▸ Information
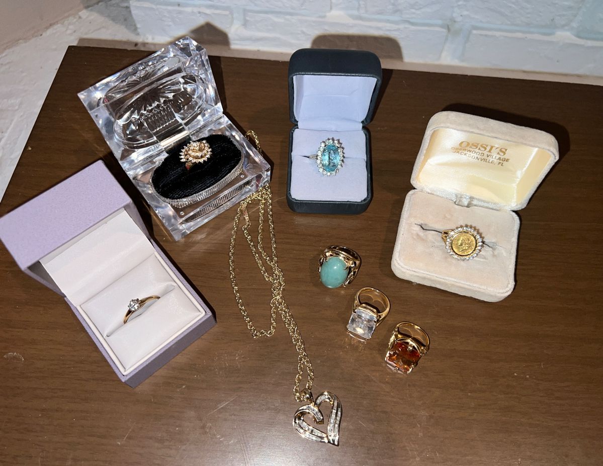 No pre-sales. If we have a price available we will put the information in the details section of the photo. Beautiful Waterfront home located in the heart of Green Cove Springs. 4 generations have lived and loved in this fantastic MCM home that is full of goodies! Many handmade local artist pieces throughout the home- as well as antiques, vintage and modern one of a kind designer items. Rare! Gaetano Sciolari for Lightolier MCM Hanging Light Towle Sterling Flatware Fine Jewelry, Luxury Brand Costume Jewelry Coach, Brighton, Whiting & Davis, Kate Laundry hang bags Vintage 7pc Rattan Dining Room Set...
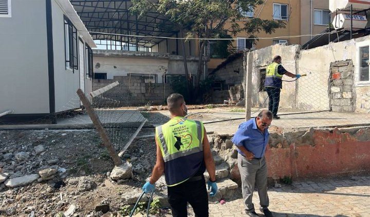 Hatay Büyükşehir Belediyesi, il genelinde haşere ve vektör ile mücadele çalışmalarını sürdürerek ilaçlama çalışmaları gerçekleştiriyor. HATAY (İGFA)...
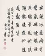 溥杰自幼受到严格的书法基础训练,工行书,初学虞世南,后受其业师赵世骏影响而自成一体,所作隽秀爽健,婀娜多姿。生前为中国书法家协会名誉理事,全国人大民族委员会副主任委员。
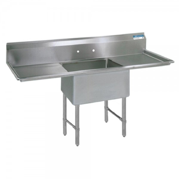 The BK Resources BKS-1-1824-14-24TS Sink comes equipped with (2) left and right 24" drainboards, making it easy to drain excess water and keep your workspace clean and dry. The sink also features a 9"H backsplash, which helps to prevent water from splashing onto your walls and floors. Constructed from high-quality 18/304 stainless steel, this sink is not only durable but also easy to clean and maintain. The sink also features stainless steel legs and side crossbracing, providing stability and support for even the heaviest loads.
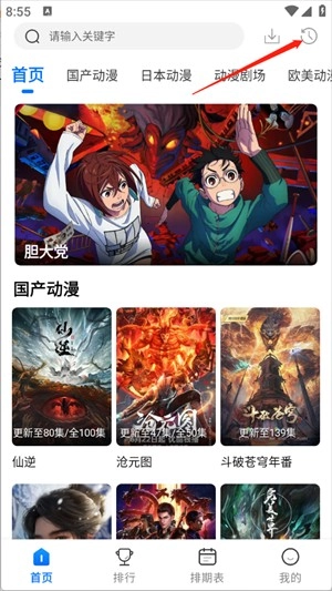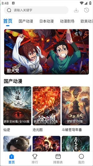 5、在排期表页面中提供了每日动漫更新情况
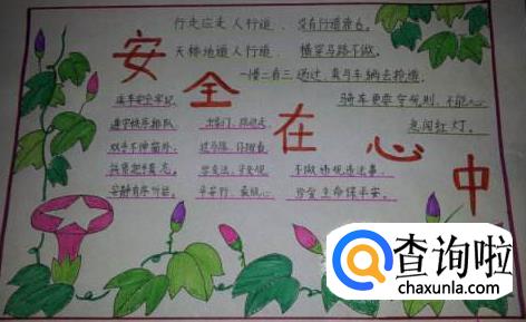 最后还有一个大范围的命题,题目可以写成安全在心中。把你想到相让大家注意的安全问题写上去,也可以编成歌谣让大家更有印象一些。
==
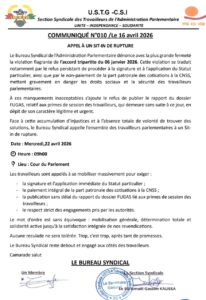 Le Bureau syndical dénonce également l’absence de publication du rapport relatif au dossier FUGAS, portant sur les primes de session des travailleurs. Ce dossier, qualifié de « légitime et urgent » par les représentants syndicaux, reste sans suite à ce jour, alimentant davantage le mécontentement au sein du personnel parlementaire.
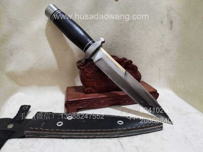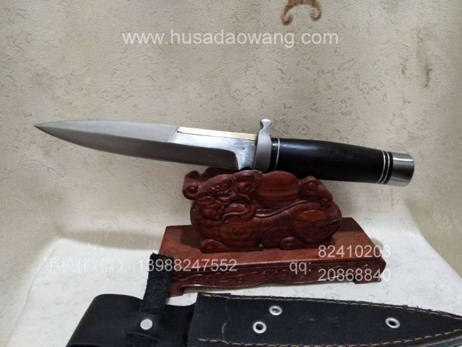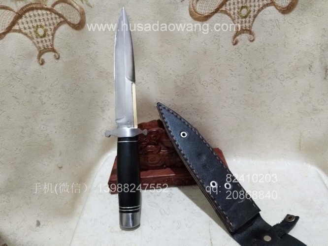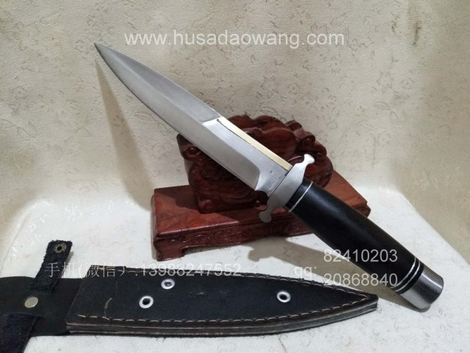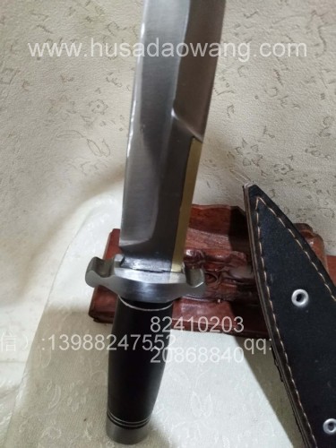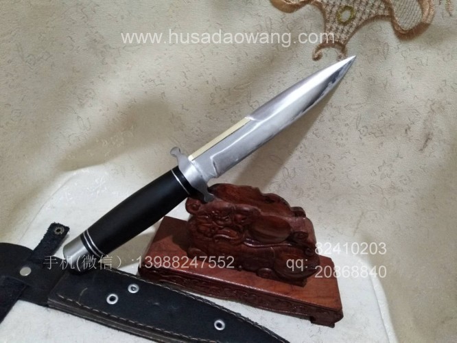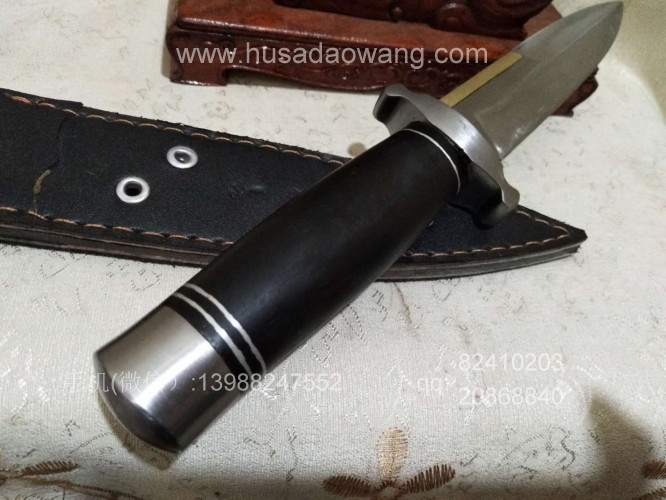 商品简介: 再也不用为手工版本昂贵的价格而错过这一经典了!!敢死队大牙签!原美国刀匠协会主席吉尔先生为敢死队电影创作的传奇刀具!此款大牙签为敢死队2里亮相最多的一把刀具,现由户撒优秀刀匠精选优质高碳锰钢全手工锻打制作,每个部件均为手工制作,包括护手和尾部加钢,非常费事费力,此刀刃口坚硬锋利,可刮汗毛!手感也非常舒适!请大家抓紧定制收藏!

▸ Exercise prompt
Beginning with the line holding "The BK Resources" in the material above, restate word for word each line through the line holding "最后还有一个大范围的命题,题", and exclude pictures.

▸ Result for this exercise
 The BK Resources BKS-1-1824-14-24TS Sink comes equipped with (2) left and right 24" drainboards, making it easy to drain excess water and keep your workspace clean and dry. The sink also features a 9"H backsplash, which helps to prevent water from splashing onto your walls and floors. Constructed from high-quality 18/304 stainless steel, this sink is not only durable but also easy to clean and maintain. The sink also features stainless steel legs and side crossbracing, providing stability and support for even the heaviest loads.
 5、在排期表页面中提供了每日动漫更新情况
 最后还有一个大范围的命题,题目可以写成安全在心中。把你想到相让大家注意的安全问题写上去,也可以编成歌谣让大家更有印象一些。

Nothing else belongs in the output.